Polyphenol oxidase

Structure and function

PPO is listed as a morpheein, a protein that can form two or more different homo-oligomers (morpheein forms), but must come apart and change shape to convert between forms. It exists as a monomer, trimer, tetramer, octamer or dodecamer, creating multiple functions.

In plants, PPO is a plastidic enzyme with unclear synthesis and function. In functional chloroplasts, it may be involved in oxygen chemistry like mediation of pseudocyclic photophosphorylation.

Enzyme nomenclature differentiates between monophenol oxidase enzymes (tyrosinases) and o-diphenol:oxygen oxidoreductase enzymes (catechol oxidases). The substrate preference of tyrosinases and catechol oxidases is controlled by the amino acids around the two copper ions in the active site.

Distribution and applications

A mixture of monophenol oxidase and catechol oxidase enzymes is present in nearly all plant tissues, and can also be found in bacteria, animals, and fungi. In insects, cuticular polyphenol oxidases are present and their products are responsible for desiccation tolerance.

Grape reaction product (2-S glutathionyl caftaric acid) is an oxidation compound produced by action of PPO on caftaric acid and found in wine. This compound production is responsible for the lower level of browning in certain white wines.

Plants make use of polyphenol oxidase as one in a suite of chemical defences against parasites.

Inhibitors

There are two types of inhibitor of PPO, those competitive to oxygen in the copper site of the enzyme and those competitive to phenolics. Tentoxin has also been used in recent research to eliminate the PPO activity from seedlings of higher plants. Tropolone is a grape polyphenol oxidase inhibitor. Another inhibitor of this enzyme is potassium metabisulfite. Banana root PPO activity is strongly inhibited by dithiothreitol and sodium metabisulfite, as is banana fruit PPO by similar sulfur-containing compounds including sodium dithionite and cysteine, in addition to ascorbic acid (vitamin C).

Assays

Several assays were developed to monitor the activity of polyphenol oxidases and to evaluate the inhibition potency of polyphenol oxidase inhibitors. In particular, ultraviolet/visible (UV/Vis) spectrophotometry-based assays are widely applied. The most common UV/Vis spectrophotometry assay involves the monitoring of the formation of o-quinones, which are the products of polyphenol oxidase-catalysed reactions, or the consumption of the substrate. Alternative spectrophotometric method that involves the coupling of o-quinones with nucleophilic reagents such as 3-methyl-2-benzothiazolinonehydrazone hydrochloride (MBTH) was also used. Other techniques, such as activity staining assays with the use of polyacrylamide gel electrophoresis, tritium-based radioactive assays, oxygen consumption assay, and nuclear magnetic resonance (NMR)-based assay were also reported and used.

Enzymatic browning

Polyphenol oxidase is an enzyme found throughout the plant and animal kingdoms, including most fruits and vegetables. PPO has importance to the food industry because it catalyzes enzymatic browning when tissue is damaged from bruising, compression or indentations, making the produce less marketable and causing economic loss.

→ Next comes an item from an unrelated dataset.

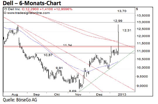 Der übergeordnete Abwärtstrend des Wertes ist zwar weiterhin intakt, dennoch ist den Bullen mit einem Ausbruch über 11,34 USD ein signifikanter Befreiungsschlag gelungen. Die Long-Szenarien: Kann sich der Wert oberhalb von 12,00 USD behaupten, dürfte es bei einem Ausbruch über 12,31 USD zu einem weiteren Anstieg bis 12,99 USD kommen. Ein erfolgreicher Ausbruch über die Marke würde einen Aufwärtsimpuls bis 13,70 USD nach sich ziehen. An dieser Stelle wäre mit einer deutlichen Korrektur zu rechnen. Würde die Barriere ebenfalls überwunden, könnte sich der Aufwärtstrend der Aktien von Dell bereits bis 14,70 USD ausweiten. Die Short-Szenarien: Unterhalb von 12,00 USD dürfte eine leichte Korrektur bis 11,34 USD führen. Ein nachhaltiger Rückfall unter diese Kreuzunterstützung würde die Ambitionen der Käufer zunächst einbremsen und einen Rückgang bis 10,87 USD einleiten. Von diesem Niveau aus könnte es jedoch zu einem weiteren Anstieg kommen. Sollte die Unterstützung allerdings durchbrochen werden, wäre ein Verkaufssignal gebildet. In der Folge dürfte der Wert bis 9,91 USD und darunter letztlich bis zum Verlaufstief bei 8,69 USD abfallen.
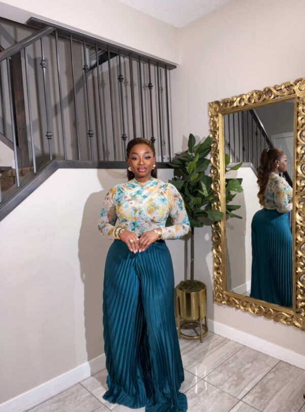 This premium modular two-piece set includes a beautifully tailored top and a flowing pleated pants crafted with high-quality fabric and refined finishing. Each piece is designed to be worn together or styled separately, allowing you to create multiple looks without sacrificing elegance. This set has a skirt set as well

Enzymatic browning due to PPO can also lead to loss of nutritional content in fruits and vegetables, further lowering their value.

Because the substrates of these PPO reactions are located in the vacuoles of plant cells damaged mainly by improper harvesting, PPO initiates the chain of browning reactions. Exposure to oxygen when sliced or pureed also leads to enzymatic browning by PPO in fruits and vegetables. Examples in which the browning reaction catalyzed by PPO may be desirable include avocados, prunes, sultana grapes, black tea, and green coffee beans.

In mango

In mangoes, PPO catalyzed enzymatic browning is mainly caused by sap burn which leads to skin browning. Catechol oxidase-type PPO is located in the chloroplasts of mango skin cells and its phenolic substrates in the vacuoles. Sap burn is therefore the initiating event of PPO in mango skin, as it breaks down cell compartments. PPO is located in mango skin, sap and pulp, with highest activity levels in skin.

In avocado

PPO in avocados causes rapid browning upon exposure to oxygen,

In apple

Present in the chloroplasts and mitochondria of all parts of an apple, Due to an increase in consumer demand for pre-prepared fruits and vegetables, a solution for enzymatic browning has been a targeted area of research and new product development. As an example, pre-sliced apples are an appealing consumer product, but slicing apples induces PPO activity, leading to browning of the cut surfaces and lowering their esthetic quality.

Arctic apples, an example of genetically modified fruit engineered to reduce PPO activity, are a suite of trademarked apples that contain a non-browning trait derived by gene silencing to suppress the expression of PPO, thus inhibiting fruit browning.

In apricot

Apricot as a climacteric fruit undergoes fast post-harvest maturation. The latent PPO form can spontaneously activate during the first weeks of storage, generating the active enzyme with a molecular weight of 38 kDa. Ascorbic acid/protease combinations constitute a promising practical anti-browning method as treated apricot purees preserved their color.

In potato

Found in high concentrations in potato tuber peel and 1–2 mm of the outer cortex tissue, PPO is used in the potato as a defense against insect predation, leading to enzymatic browning from tissue damage. Damage in the skin tissue of potato tuber causes a disruption of cell compartmentation, resulting in browning. The brown or black pigments are produced from the reaction of PPO quinone products with amino acid groups in the tuber. In potatoes, PPO genes are not only expressed in potato tubers, but also in leaves, petioles, flowers and roots.

In walnut

In walnut (Juglans regia), two different genes (jr PPO1 and jr PPO2) encoding polyphenol oxidases have been identified. The two isoenzymes prefer different substrates, as jr PPO1 shows a higher activity towards monophenols, whereas jr PPO2 is more active towards diphenols.

In black poplar

A monomeric catechol oxidase from Populus nigra converts caffeic acid to quinone and melanine at injured cells.

Related enzymes

Prophenoloxidase is a modified form of the complement response found in some invertebrates, including insects, crabs and worms.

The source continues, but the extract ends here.